Injectivity of ReLU networks: perspectives from statistical physics
Antoine Maillard, Afonso S. Bandeira, David Belius, Ivan Dokmanić, Shuta Nakajima
TL;DR
The paper tackles the injectivity of a random ReLU layer in the high-dimensional regime by reframing the problem as a ground-state question for the spherical perceptron and coupling it to a statistical-physics formalism. It contrasts the average Euler-characteristic approach (predicting a threshold near $\alpha_{inj}^{Euler}\approx 8.34$) with a replica-method analysis that reveals replica-symmetric and full replica-symmetry-breaking structures, yielding a provable RS upper bound $\alpha_{inj}^{RS}\approx 7.65$ that refutes the Euler prediction and a tighter full-RSB threshold around $\alpha_{inj}^{FRSB}\approx 6.698$. The work provides a Parisi-formula framework for the free entropy and derives an algorithmic procedure to solve the zero-temperature FRSB equations, producing quantitative thresholds and highlighting discrepancies with random-geometry predictions. The results bridge spin-glass theory and random-geometric analyses of neural networks, and open questions remain about the origin of the discrepancy and extensions to multi-layer networks.

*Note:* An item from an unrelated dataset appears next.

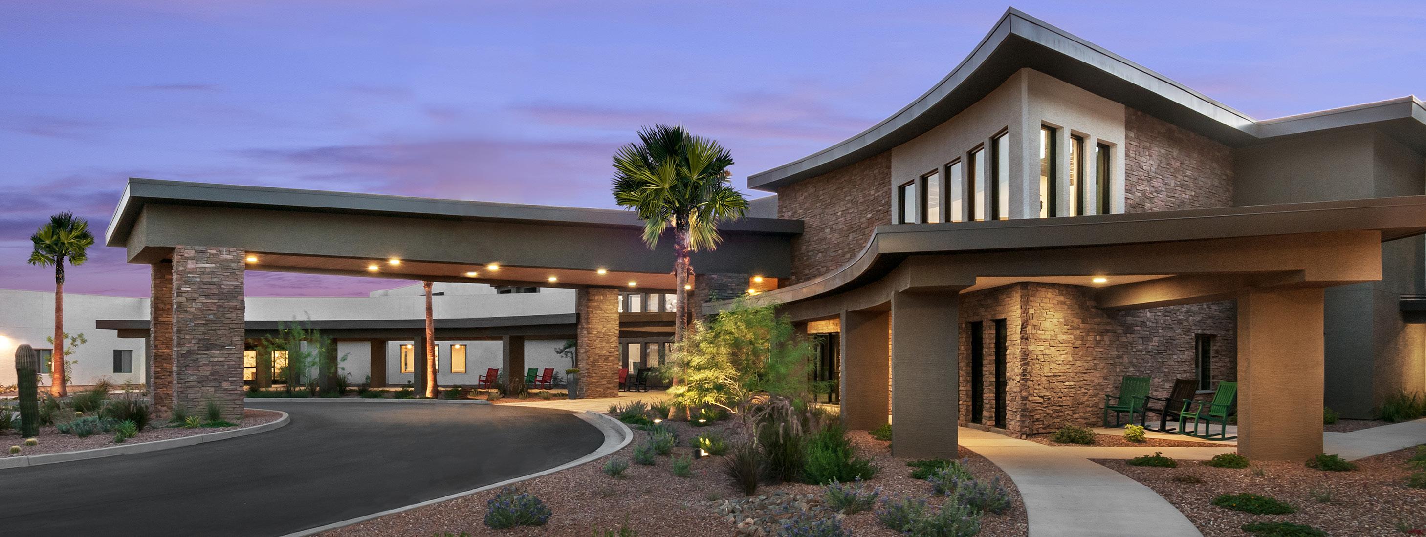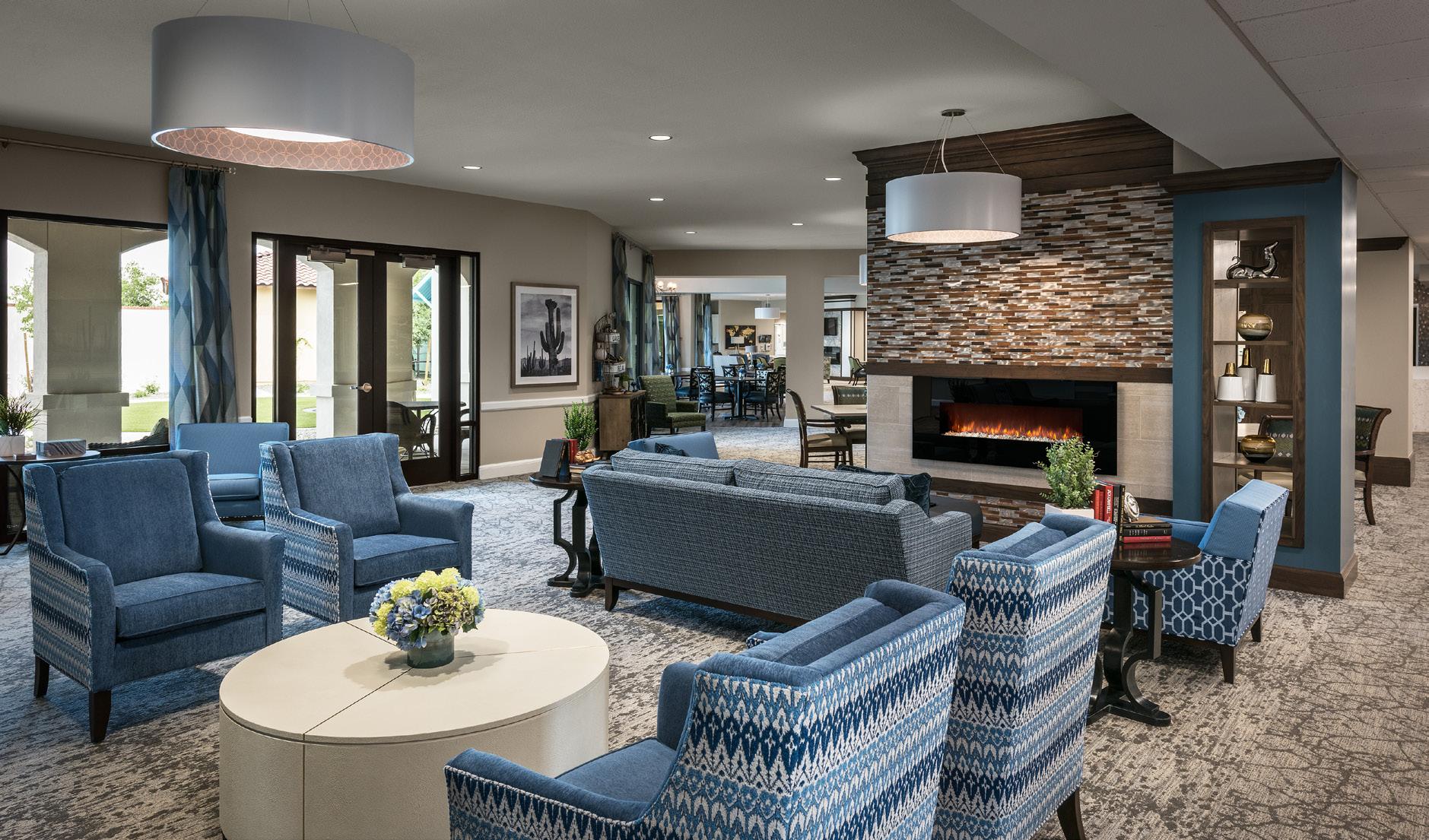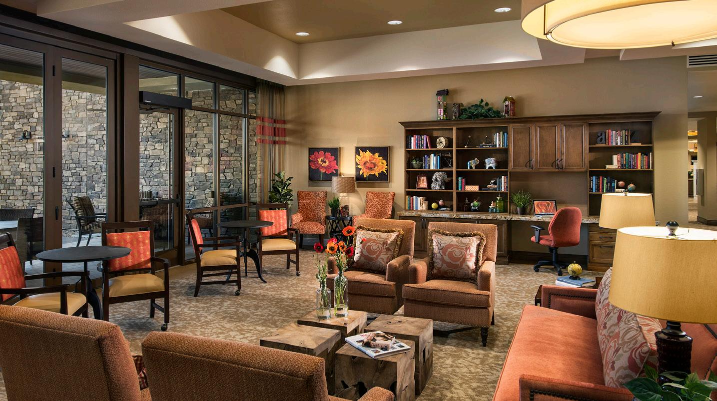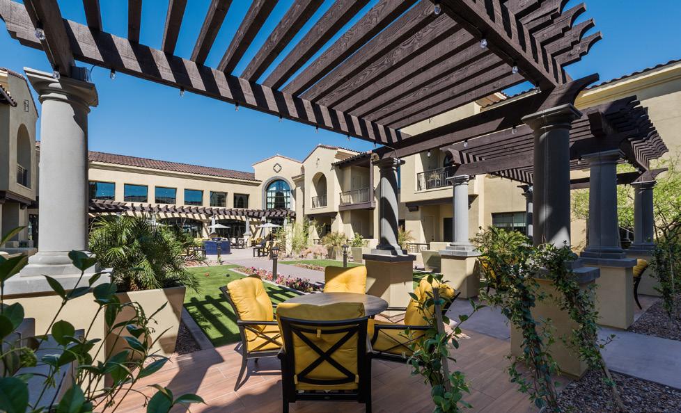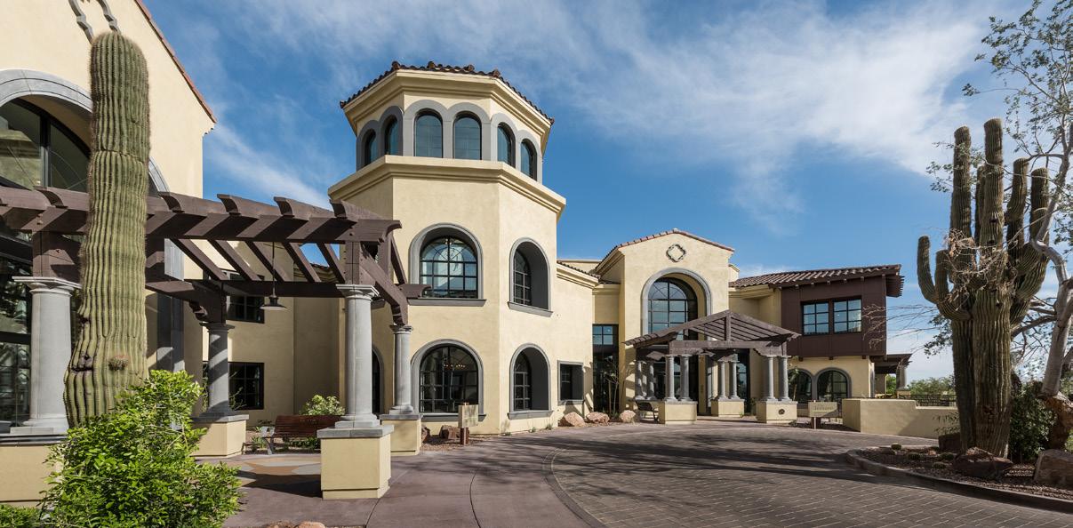 Located in a pedestrian-friendly residential neighborhood close to parks, retail, and dining amenities, Clearwater Ahwatukee offers quality hospitality and healthcare services within a warm, homelike environment. This community provides integrated independent living, assisted living, and memory support to those seeking to age-in-place close to family and friends in the multigenerational community of Ahwatukee. 2-and 3-story buildings house 137 apartmentstyle units. The 40 Memory Support resident suites are divided into 4 separate households. Each household wraps around a centralized living/dining/activity space.

Overall, the paper delivers a rigorous RS bound, a detailed FRSB computation, and a coherent probabilistic-physical narrative linking injectivity to the ground-state geometry of a disordered system, with a public numerical implementation for reproducibility.
Abstract
When can the input of a ReLU neural network be inferred from its output? In other words, when is the network injective? We consider a single layer, $x \mapsto \mathrm{ReLU}(Wx)$, with a random Gaussian $m \times n$ matrix $W$, in a high-dimensional setting where $n, m \to \infty$. Recent work connects this problem to spherical integral geometry giving rise to a conjectured sharp injectivity threshold for $α= \frac{m}{n}$ by studying the expected Euler characteristic of a certain random set. We adopt a different perspective and show that injectivity is equivalent to a property of the ground state of the spherical perceptron, an important spin glass model in statistical physics. By leveraging the (non-rigorous) replica symmetry-breaking theory, we derive analytical equations for the threshold whose solution is at odds with that from the Euler characteristic. Furthermore, we use Gordon's min--max theorem to prove that a replica-symmetric upper bound refutes the Euler characteristic prediction. Along the way we aim to give a tutorial-style introduction to key ideas from statistical physics in an effort to make the exposition accessible to a broad audience. Our analysis establishes a connection between spin glasses and integral geometry but leaves open the problem of explaining the discrepancies.